- Type: Special Skill Group 1 Badge
- Awarded for: Performing duties while personally present and under fire while serving in an assigned infantry or Special Forces capacity, in a unit of brigade, regimental, or smaller size, engaged in active ground combat
- Presented by: United States Army
- Eligibility: U.S. Army infantry or special forces officers (SSI 11 or 18) in the grade of colonel or below, Army enlisted soldiers and warrant officers with an infantry or Special Forces military occupational specialty
- Status: Currently awarded
- Established: 15 November 1943

Precedence
- Next (higher): None
- Next (lower): Combat Medical Badge
- Related: Expert Infantryman Badge

= Combat Infantryman Badge =

United States Army decoration

The Combat Infantryman Badge (CIB) is a United States Army decoration awarded to soldiers who fought in active ground combat as members of either an infantry or Special Forces unit, of brigade size or smaller, any time after 6 December 1941. The award is given only to soldiers at the rank of colonel and below.

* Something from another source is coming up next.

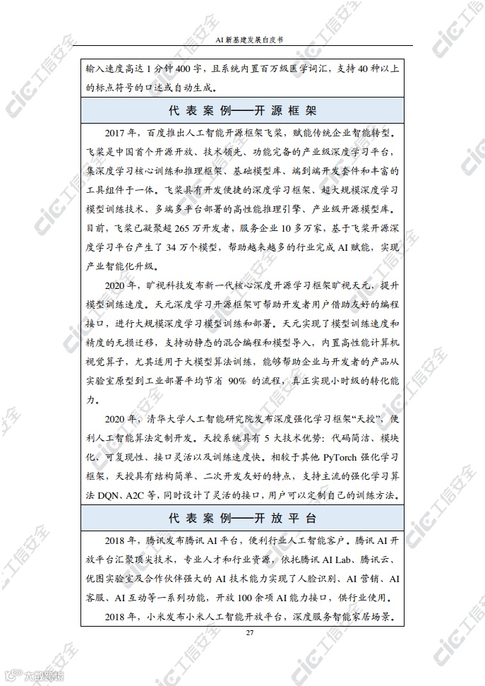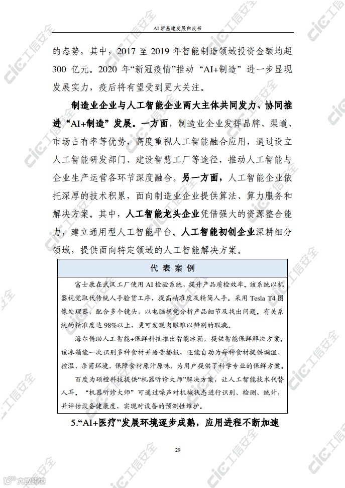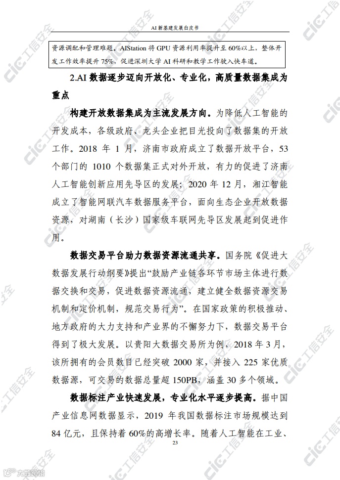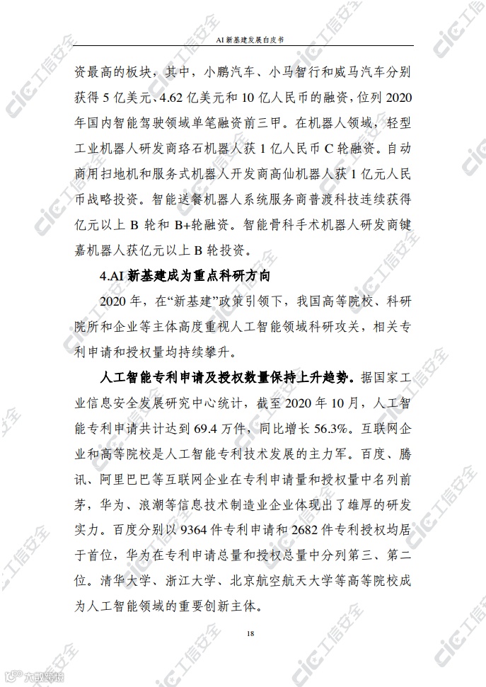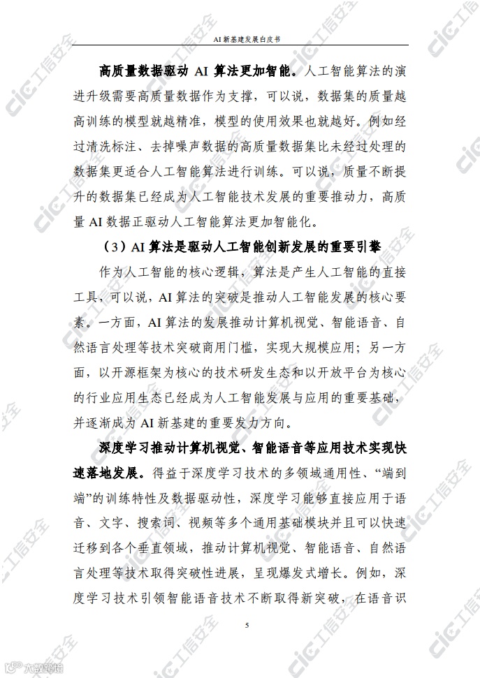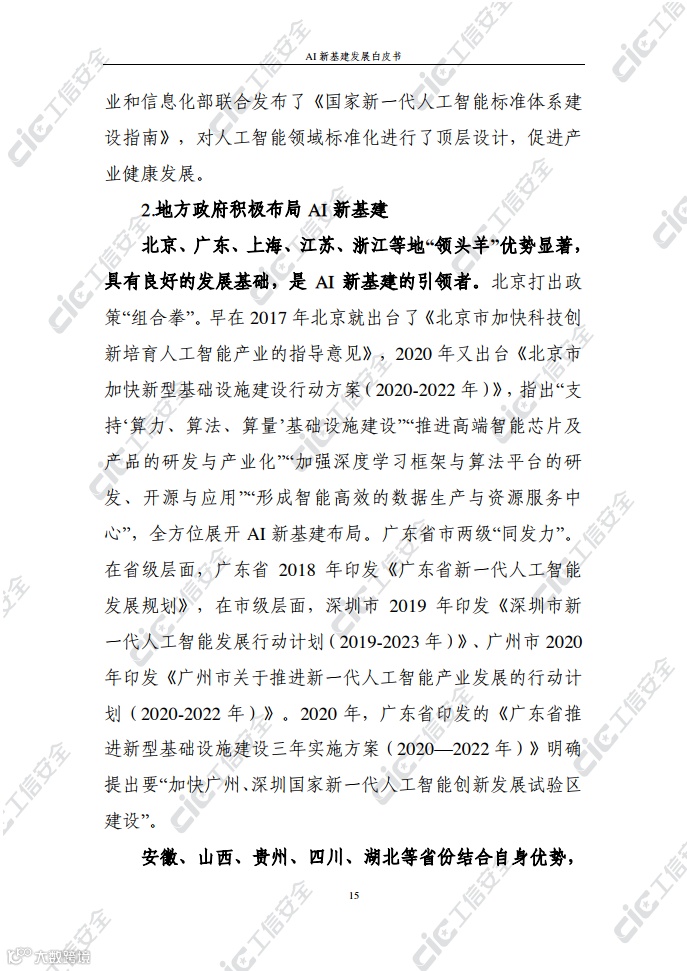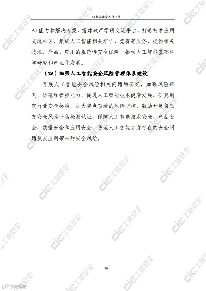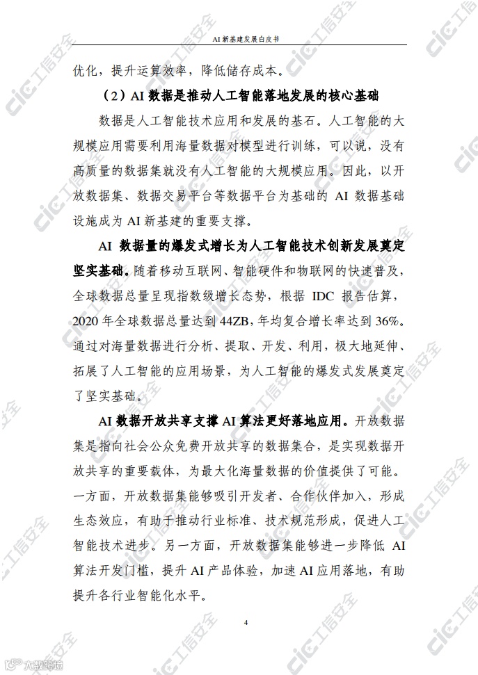 在此背景下,国家工业信息安全发展研究中心在跟踪积累和广泛调研的基础上,编写了《AI新基建发展白皮书》(以下简称“白皮书”)。白皮书梳理了AI新基建的概念内涵、基本属性、主要作用,探究了AI新基建的总体态势及发展现状,剖析了AI新基建发展面临的挑战并提出对策建议,旨在为各界推动AI新基建发展提供决策参考。

The CIB and its non-combat contemporary, the Expert Infantryman Badge (EIB), were created in November 1943 during World War II to boost morale and increase the prestige of infantry service. It recognizes the inherent danger and sacrifice of infantrymen, who face greater risk of being becoming a casualty than any other military occupational specialty.

==Creation==
After the United States entry into World War II, the War Department had difficulty recruiting into the Army Infantry Branch when men were given the opportunity to choose their branch assignment. Infantry morale remained low, as "infantryman continuously operated under the worst conditions" and "suffer[ed] the most casualties while receiving the least public recognition." As a result, Lieutenant General Lesley J. McNair, commanding officer of the U.S. Army Ground Forces, championed the idea of creating an award recognizing the unique dangers faced by infantrymen.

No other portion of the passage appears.